Structured Representation Learning with Locally Linear Embeddings and Adaptive Feature Fusion

Authors:

Somjit Nath↗Jackson J Cone↗Derek Nowrouzezahrai↗Samira Ebrahimi Kahou↗

arXiv:2606.18469v1 Announce Type: cross Abstract: Neuroscientific research has revealed that the brain encodes complex behaviors by leveraging structured, low-dimensional manifolds and dynamically fusing multiple sources of information through adaptive gating mechanisms. Inspired by these principles, we propose a novel reinforcement learning (RL) framework that encourages the disentanglement of dynamics-specific and reward-specific features, drawing direct parallels to how neural circuits separate and integrate information for efficient decision-making.
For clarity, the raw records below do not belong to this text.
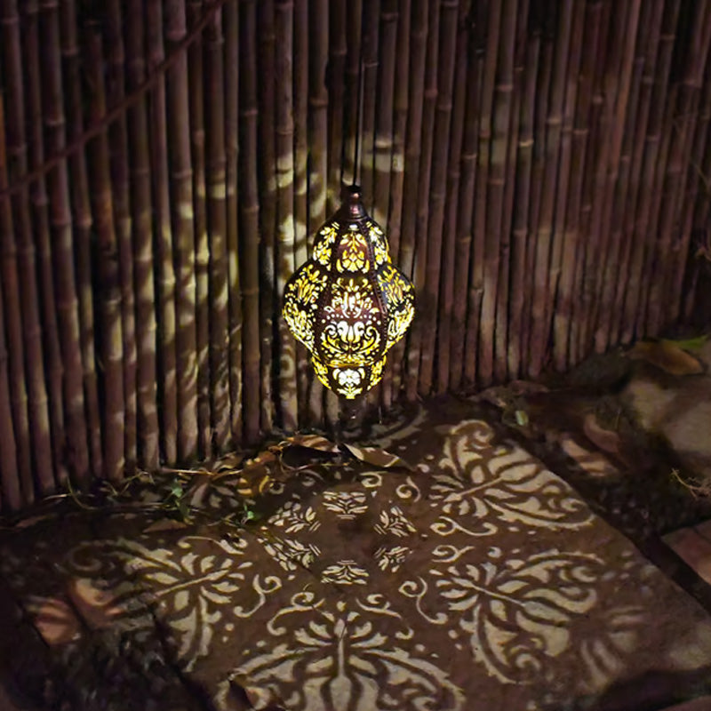 ELEGÁNS ÜREGES KIALAKÍTÁS: Bonyolult kivágott mintákkal rendelkezik, amelyek megvilágításkor varázslatos fénymintákat hoznak létre. A dekoratív fémmunka nappal vizuális élményt nyújt, éjszaka pedig gyönyörű árnyékokat vet a kültéri hangulatvilágításhoz.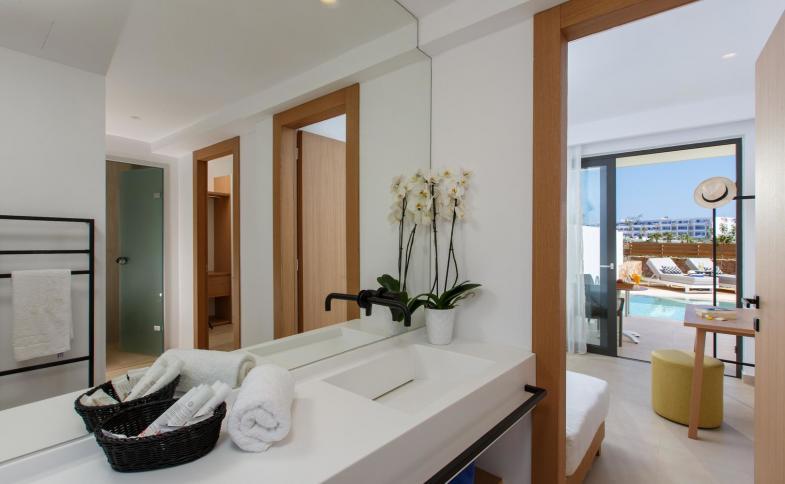 Pokoje mají klimatizaci a koupelnu. Většina pokojů má balkón nebo terasu. Na požádání lze zdarma přistavit přistýlku nebo dětskou postýlku. Také je zde sejf a minibar. Ke standardnímu vybavení patří varná konvice/kávovar. K základnímu vybavení patří připojení k internetu a televize. V koupelnách je sprchový kout. K dispozici mají hosté také vysoušeč vlasů, župan a telefon.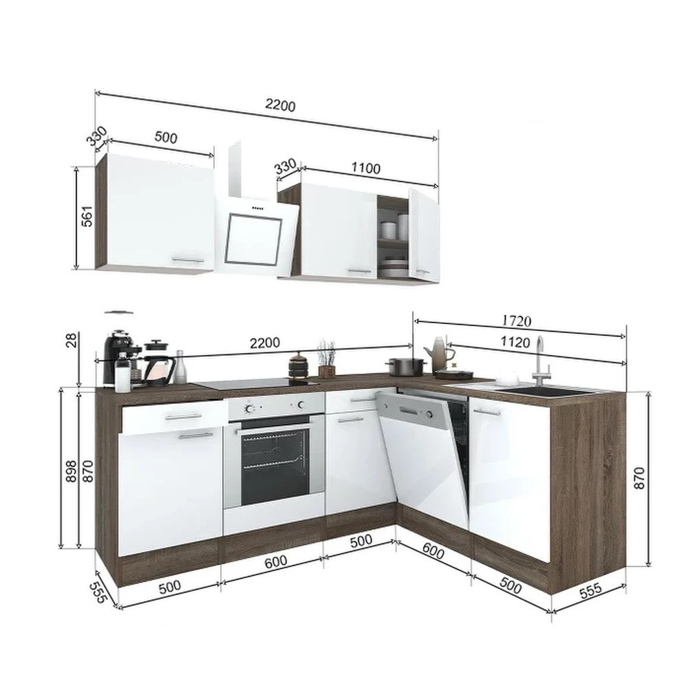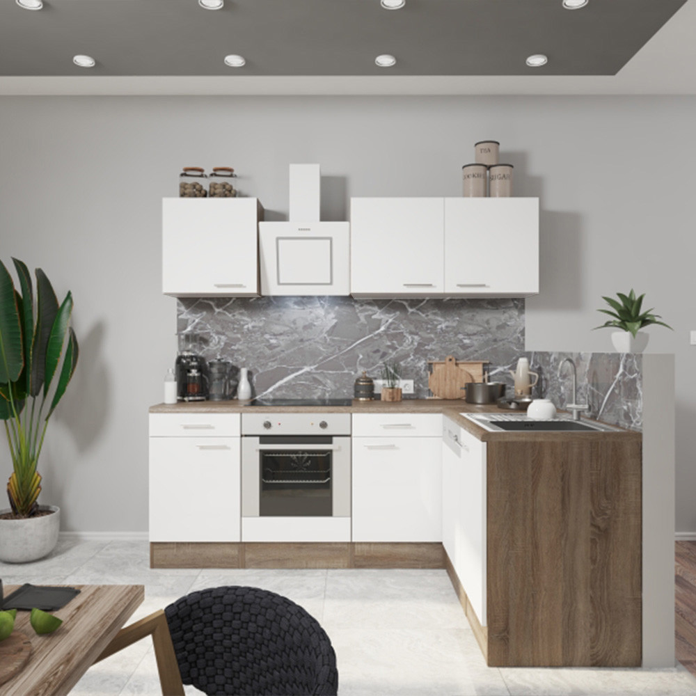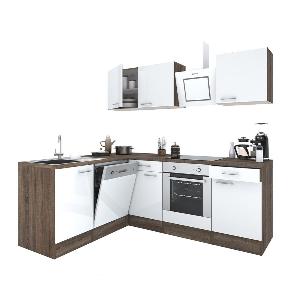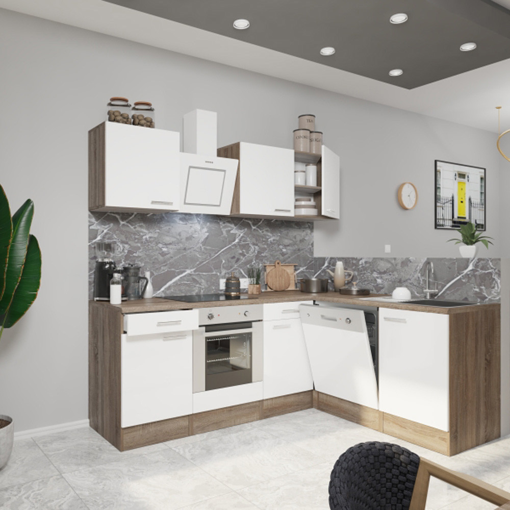 Yorki 220 sarok konyhablokk yorki tölgy korpusz, selyemfényű fehér fronttal. A tökéletes konyha megteremtője!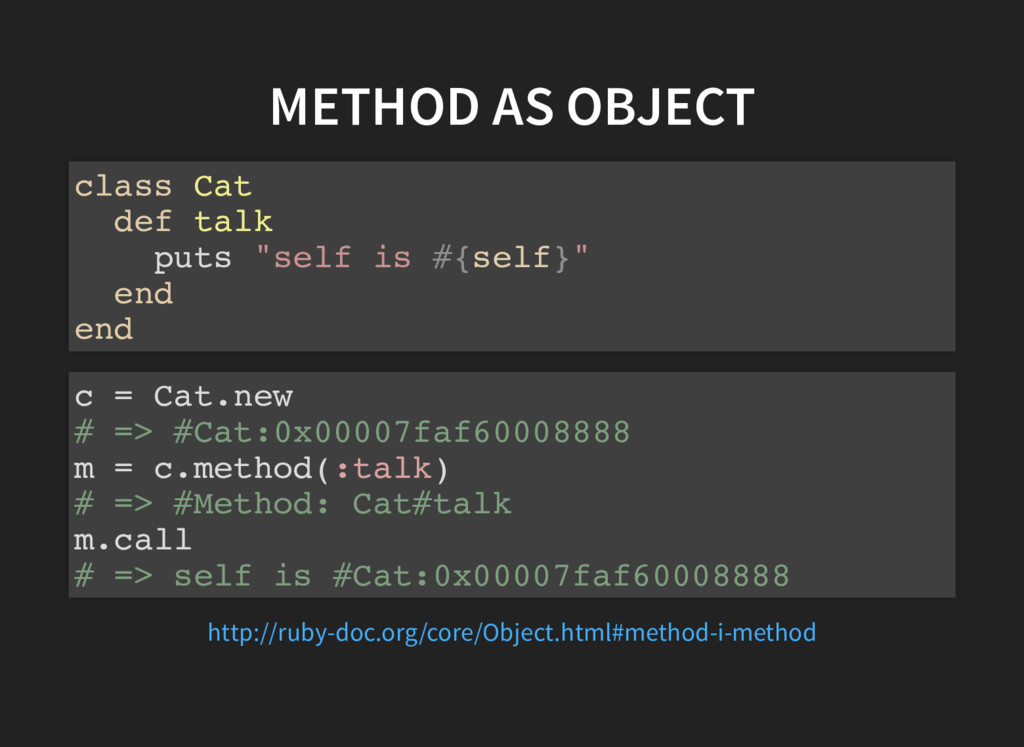 #{self}" end end c = Cat.new # => #Cat:0x00007faf60008888 m = c.method(:talk) # => #Method: Cat#talk m.call # => self is #Cat:0x00007faf60008888 http://ruby-doc.org/core/Object.html#method-i-method

Our approach leverages locally linear embeddings (LLEs) to capture the intrinsic, locally linear structure inherent in many environments, mirroring the local smoothness observed in neural population activity, while concurrently deriving reward-specific features through the standard RL objective. An attention mechanism, analogous to cortical gating, adaptively fuses these complementary representations on a per-state basis. Experimental results on benchmark tasks demonstrate that our method, grounded in neuroscientific principles, improves learning efficiency and overall performance compared to conventional RL approaches, highlighting the benefits of explicitly modeling local state structures and adaptive feature selection as observed in biological systems.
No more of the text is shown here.